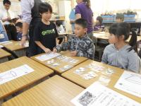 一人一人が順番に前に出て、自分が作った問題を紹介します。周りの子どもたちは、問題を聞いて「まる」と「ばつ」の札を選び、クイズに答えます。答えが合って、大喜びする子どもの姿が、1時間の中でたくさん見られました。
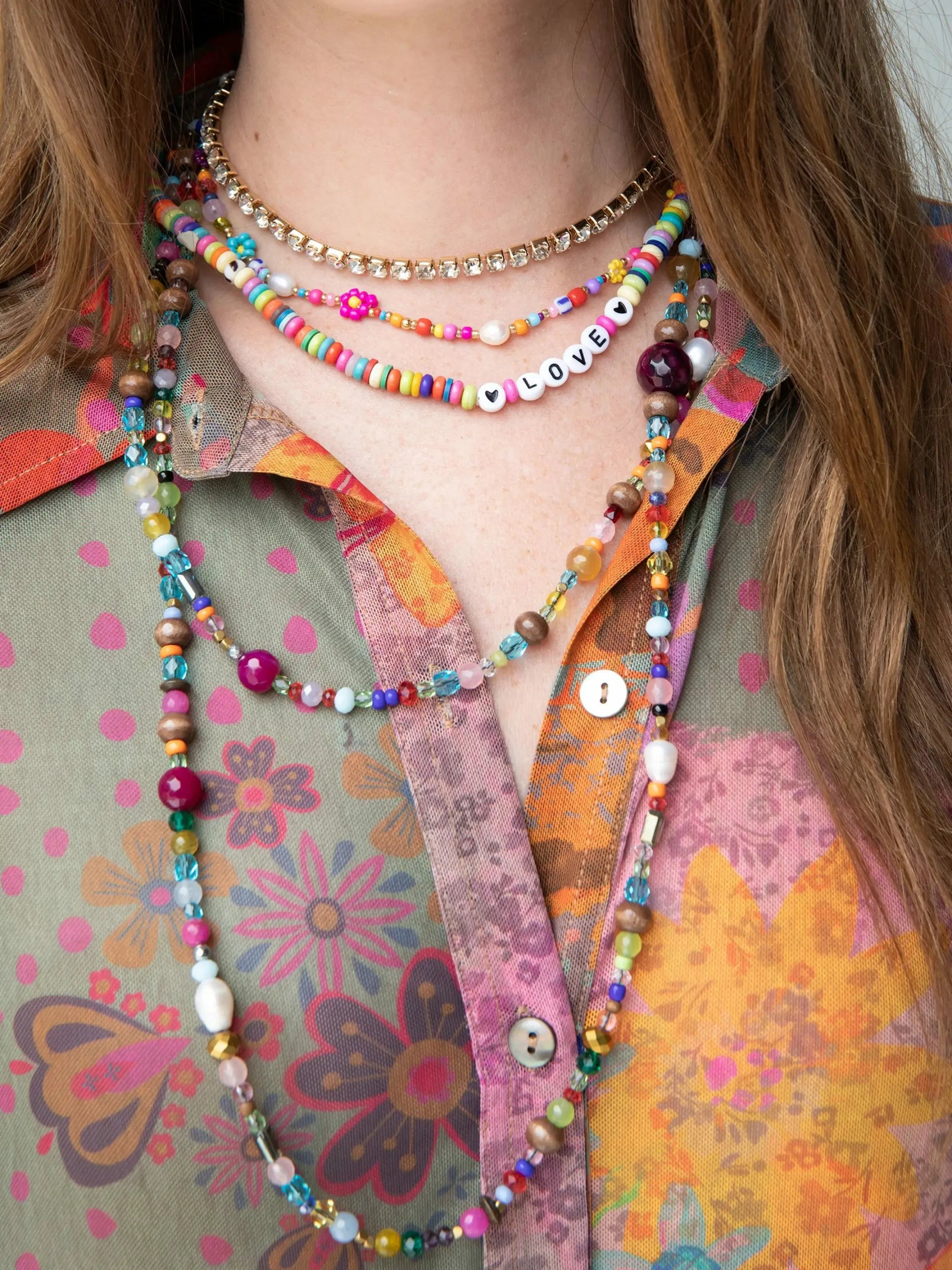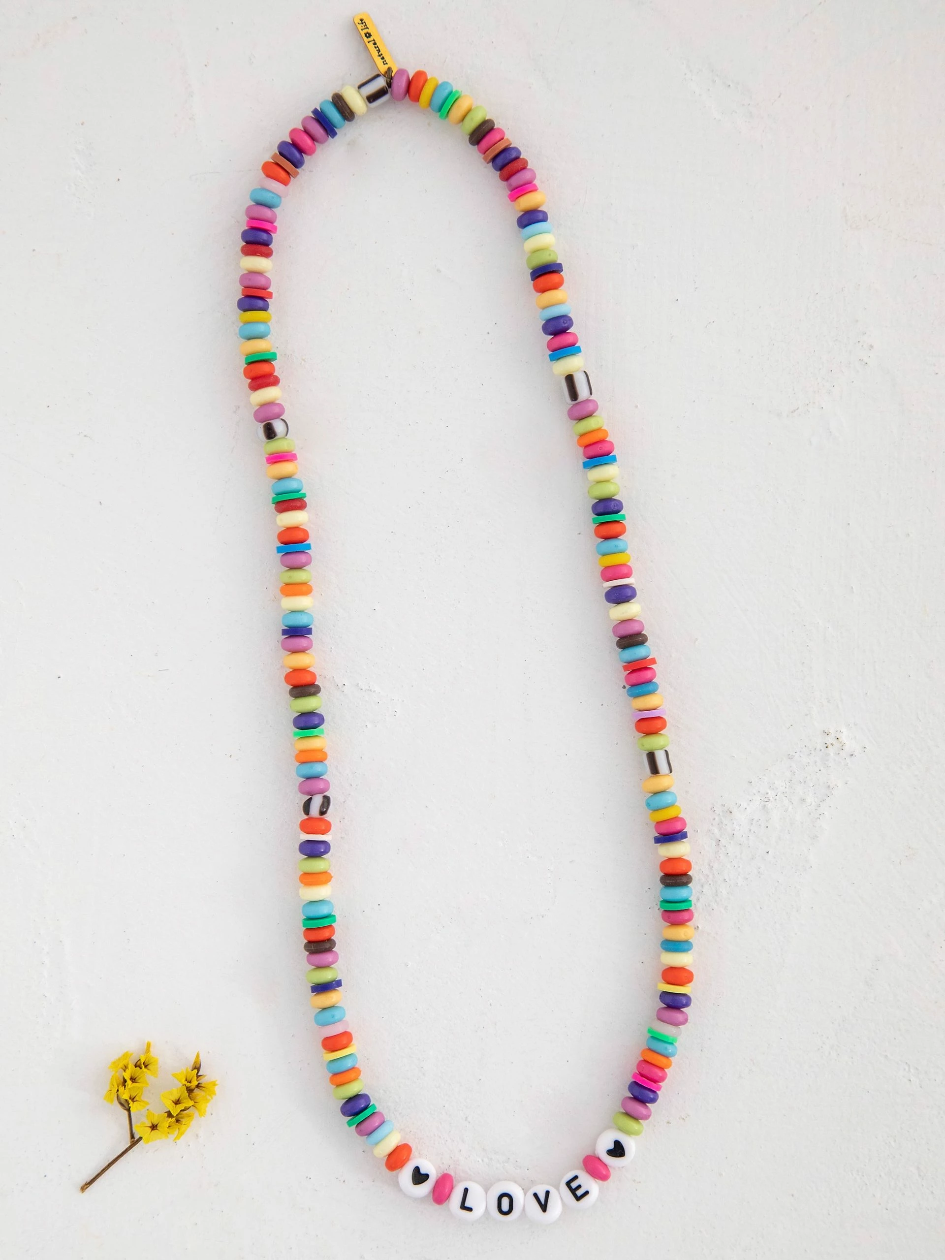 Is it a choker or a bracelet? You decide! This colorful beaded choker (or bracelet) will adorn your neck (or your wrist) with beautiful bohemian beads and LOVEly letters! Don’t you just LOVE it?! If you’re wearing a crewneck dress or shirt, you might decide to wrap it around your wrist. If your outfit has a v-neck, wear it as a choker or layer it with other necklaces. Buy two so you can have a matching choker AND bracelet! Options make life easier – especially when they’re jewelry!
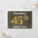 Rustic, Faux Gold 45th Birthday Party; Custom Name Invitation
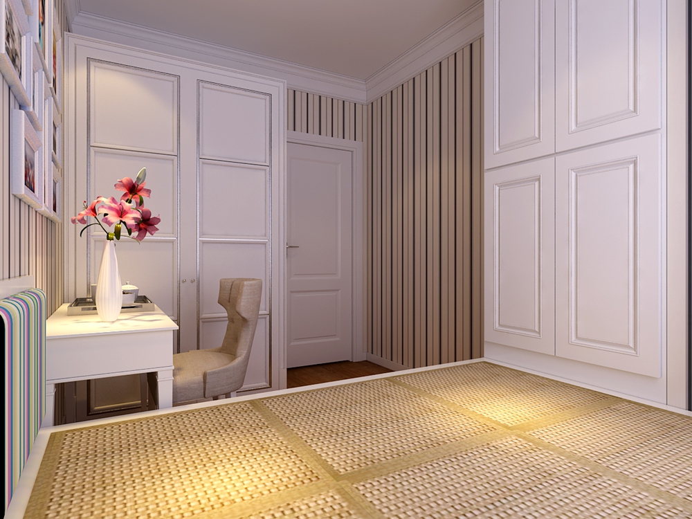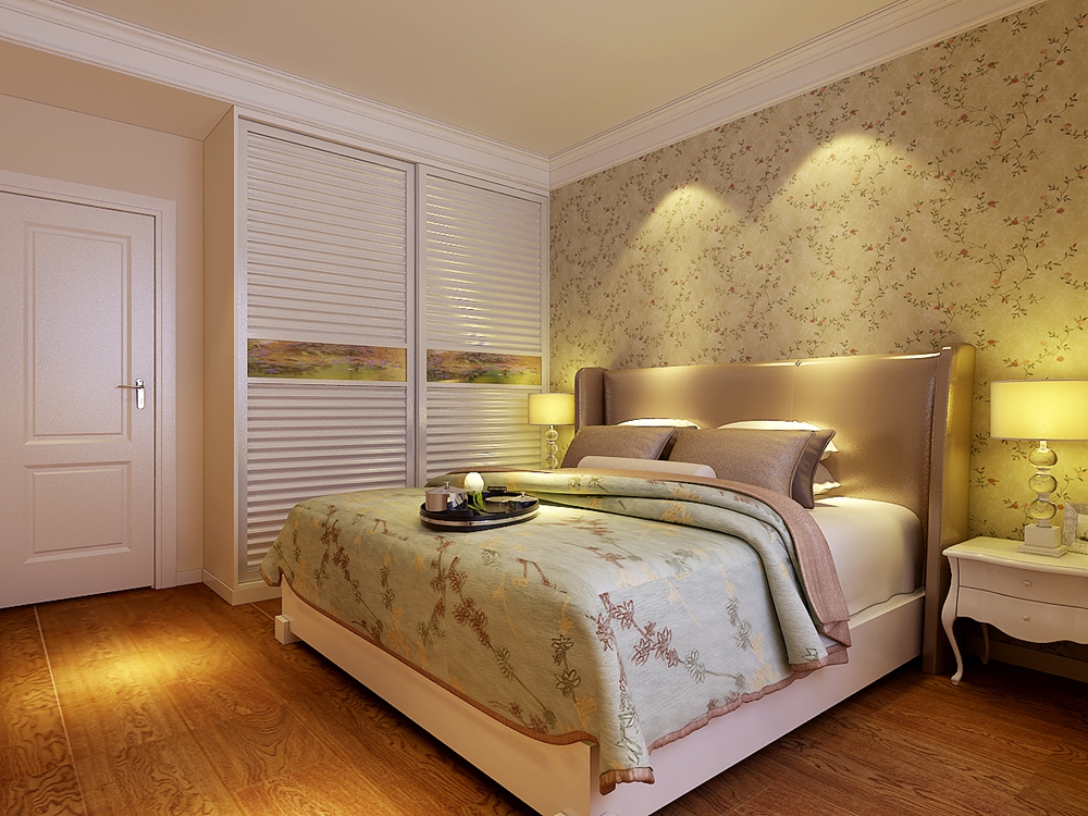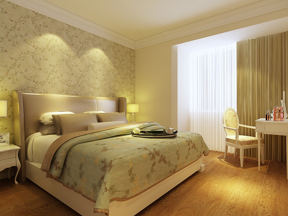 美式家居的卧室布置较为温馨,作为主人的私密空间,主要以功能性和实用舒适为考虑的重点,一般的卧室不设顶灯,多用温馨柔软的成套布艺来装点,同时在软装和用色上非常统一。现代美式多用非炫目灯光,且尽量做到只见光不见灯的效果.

Task details
Could you reproduce the listing above exactly and drop every picture?

Response box
 一人一人が順番に前に出て、自分が作った問題を紹介します。周りの子どもたちは、問題を聞いて「まる」と「ばつ」の札を選び、クイズに答えます。答えが合って、大喜びする子どもの姿が、1時間の中でたくさん見られました。
 Is it a choker or a bracelet? You decide! This colorful beaded choker (or bracelet) will adorn your neck (or your wrist) with beautiful bohemian beads and LOVEly letters! Don’t you just LOVE it?! If you’re wearing a crewneck dress or shirt, you might decide to wrap it around your wrist. If your outfit has a v-neck, wear it as a choker or layer it with other necklaces. Buy two so you can have a matching choker AND bracelet! Options make life easier – especially when they’re jewelry!
 Rustic, Faux Gold 45th Birthday Party; Custom Name Invitation
 美式家居的卧室布置较为温馨,作为主人的私密空间,主要以功能性和实用舒适为考虑的重点,一般的卧室不设顶灯,多用温馨柔软的成套布艺来装点,同时在软装和用色上非常统一。现代美式多用非炫目灯光,且尽量做到只见光不见灯的效果.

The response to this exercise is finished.